Die USA hätten sich entschieden, alle internationalen und bilateralen Resolutionen und Abkommen zu verletzen und den internationalen Konsens zu ignorieren, so der Palästinenserpräsident. Gleichzeitig werde Israel dafür belohnt, sich Abkommen zu verweigern. Die USA ermutige Israel dazu, die Politik der Besatzung, des Siedlungsbaus, der Apartheid und der ethnischen Säuberung fortsetzen, so Abbas. Trumps Entscheidung diene extremistischen Gruppen, die versuchten, den israelisch-palästinensischen Konflikt in einen Religionskrieg zu verwandeln und die Region in internationale Konflikte und Kriege zu ziehen.

Auch Ägypten und Jordanien verurteilten Trumps Vorgehen. Beide Länder äußerten Sorge um die Stabilität der Region. Jerusalem habe eine große spirituelle, kulturelle und historische Bedeutung für Araber und Muslime. Trumps Entscheidung verletze daher die Gefühle der arabischen und islamischen Völker, so das ägyptische Außenministerium in einer Erklärung.

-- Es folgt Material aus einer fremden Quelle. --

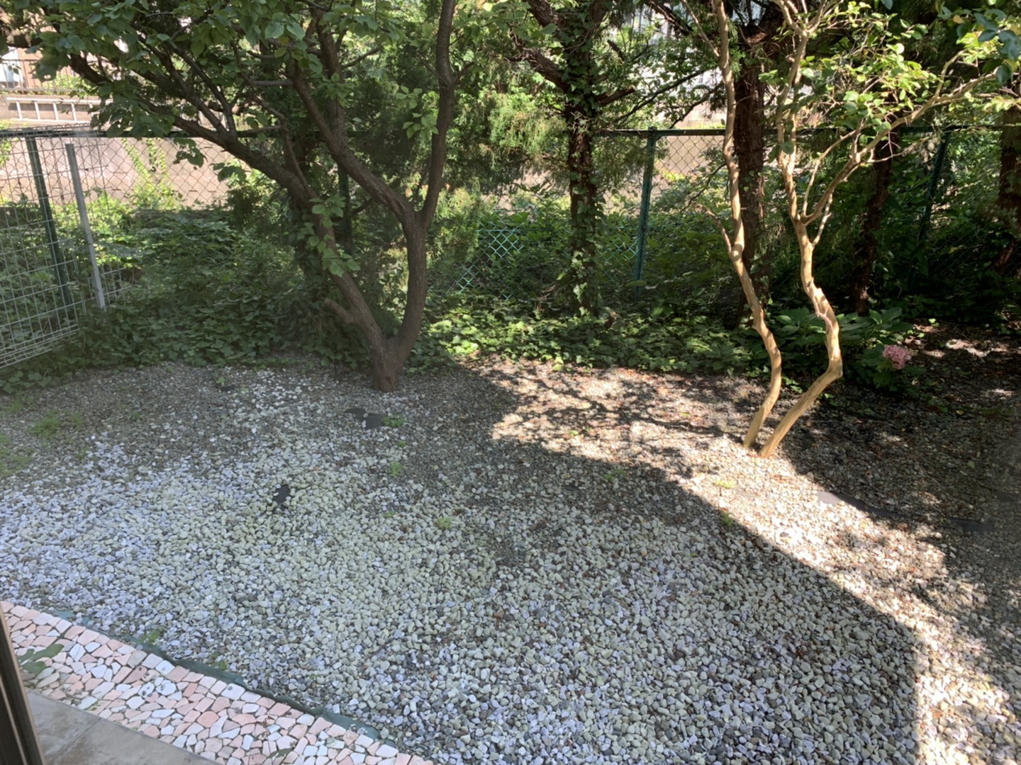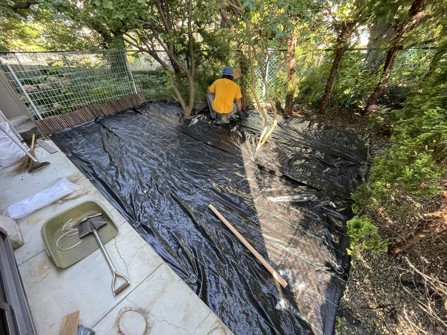 ・草刈り後に砂利を整地して防草シートを全面に敷きました!

Vereinzelt kam es zu palästinensischen Demonstrationen. Berichten zufolge protestierten Menschen an mehreren Orten gegen die Anerkennung Jerusalems als Hauptstadt Israels. Teils verbrannten Demonstranten dabei amerikanische und israelische Flaggen. Palästinenser im Westjordanland hatten in Reaktion auf Trumps Ankündigung am Dienstag zu drei "Tagen des Zorns" aufgerufen.

Zahlreiche Politiker und Religionsvertreter hatten sich vor der Trump-Rede besorgt über die Situation um Jerusalem gezeigt. Papst Franziskus erklärte, er hoffe, dass sich "Weisheit und Klugheit durchsetzen", damit keine neuen Spannungen zu der schon von Konflikten gezeichneten Weltlage hinzukämen. Gleichzeitig richtete er bei der Generalaudienz am Mittwoch im Vatikan einen "dringenden Appell" an alle, den Status quo der Stadt und die Resolutionen der Vereinten Nationen zu respektieren.